Cécile & Jean-Luc Cappozzo - Soul Eyes
Les duos piano/trompette porte déjà en eux leur dose d'intimité. Cristal et cuivre, bois et souffle, il y a dans l'histoire de nos musiques de nombreux précédents, à commencer par Kenny Wheeler et John Taylor, deux tendres disparus dont nous parlions il y a peu.
C'est exactement ce que nous explique l'excellent texte de Bernard Aimé dans les notes de pochettes de Soul Eyes, la nouvelle sortie du label Fou Records de Jean-Marc Foussat qui réunit évidemment une pianiste et un trompettiste. L'attelage est inédit, du moins en disque : Cécile Cappozzo au piano et Jean-Luc Cappozzo à la trompette et au bugle. Une rencontre ? Pas vraiment.
Un surplus d'intimité.
Une relation père/fille exposé avec une lumière franche et chaleureuse sur un autre matériel patrimonial : les standards de jazz.
Et pas n'importe lesquels, puisqu'il s'agit de morceaux de Mingus et de Waldron ; deux élégants, deux intransigeants, deux fusionnels dont la route s'est croisé à la fin des années 50, notamment sur le Pithecanthropus Erectus dont notre duo reprend le morceau-titre dans une suite forte en émotion, lié au morceau « Soul Eyes », un des standards les plus pénétrants de Waldron, qu'on avait pu apprécié -entre autre- sur le crépusculaire One More Time en trio avec Avenel et Lacy du regretté label Sketch, au début de ce siècle.
Mais aussi, plus avant, avec Webster Young, trompettiste de génie.
Des musiques que le duo visite jusqu'à leur essence, les déconstruisant même avec espièglerie et une révérence assumée envers l'œuvre... Ce qui implique de ne pas lui donner un caractère immuable, et de se l'approprier pour le traduire dans un langage véhiculaire familier...
La liberté du discours est l'un des traits significatifs de la musique de Jean-Luc Cappozzo.
C'est manifestement génétiquement transmissible. A partir des morceaux choisis, père et fille construisent un discours connivent et tout à fait personnel qui est en tout point souriant.

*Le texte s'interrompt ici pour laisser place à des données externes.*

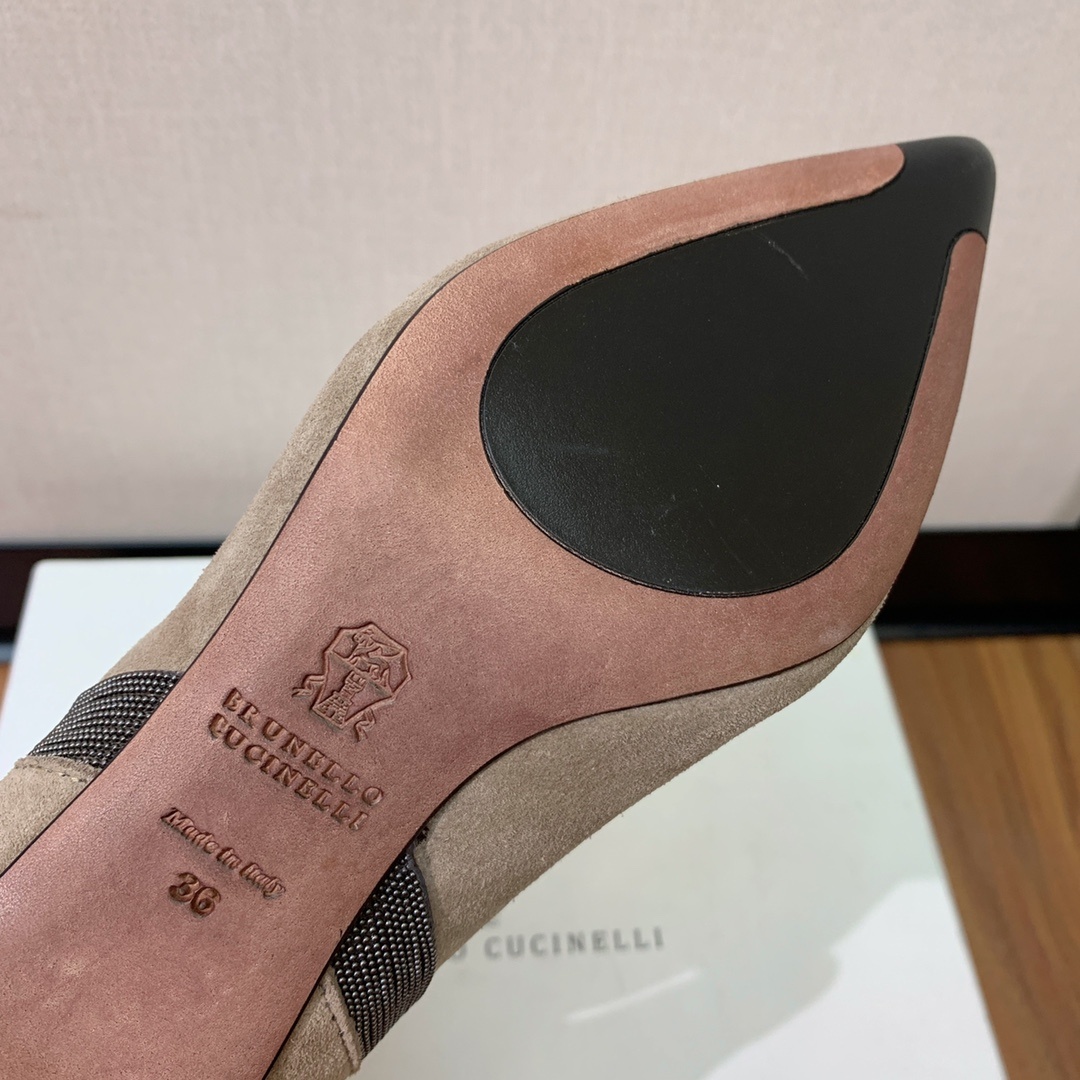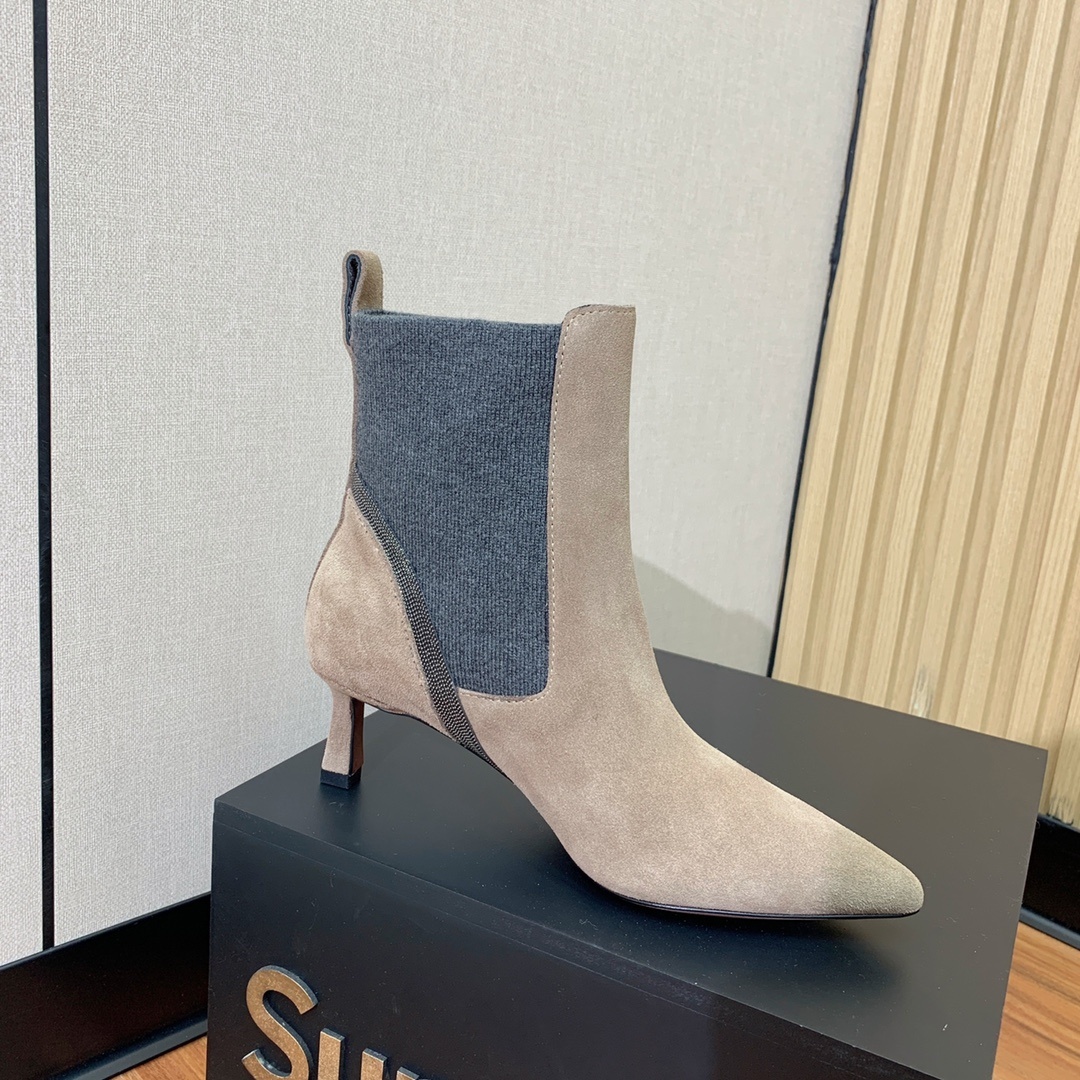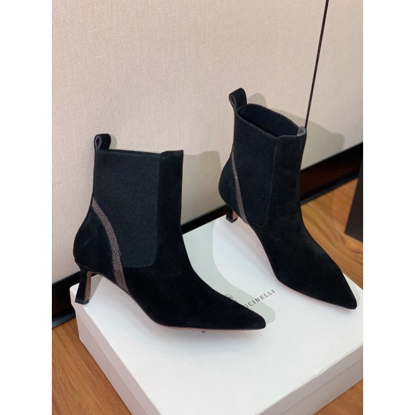 브루넬로쿠치넬리 뾰족코 앵클부츠 고전적인 영감은 이 새로운 현대적이고 우아한 스타일을 정의함 신발 겉면에 털실 튜브를 매치 양가죽 발받침, 오리지널 사출 리얼 가죽 대창 굽 5CM

On se souvient du duo du trompettiste avec Géraldine Keller sur Air Prints, et on retrouve ici le même sens du jeu, dans son acception la plus enfantine, à la fois rêveuse et inventive, colorée et turbulente...
Mais avec sa fille, la dimension est différente, on découvre ce plaisir du jeu ancien, qui va chercher ses racines si loin que s'en est très émouvant. Principalement l'association de trois titres, deux de Mingus et un de Waldron sur le premier morceau « No More Tears – Good Bye Pork Pie Hat – Nostalgia in Time Square ».
Il y a tout au long de ce long premier morceau des retours, des citations et des brisures qui s'unissent totalement pour former un tout bien vivant. On pourrait citer toute sorte de moments individuels, le souffle très oniriques des prémices et les notes parcimonieuses d'une pianiste qui sait saisir les émotions dans les tréfonds de la main gauche, l'ouverture lumineuse de « l'hymne » Pork Pie Hat par la trompette... Mais en réalité, ce qui compte c'est l'ensemble, l'intéraction, l'alliance qui fonctionne parfois à front renversé (fille sage, père fantasque) et souvent dans la bienveillance caressante d'une liberté offerte.
C'est une sacré carte blanche qui est proposé à la famille Cappozzo par Fou Records. On peut remercier de nous permettre d'entendre ce témoignage d'un instant complice qui a quelque chose d'universel. On ne peut que goûter ce petit plaisir qui donne le sourire.
Une fête.
Et une photo qui n'a strictement rien à voir... (n'est-ce-pas...)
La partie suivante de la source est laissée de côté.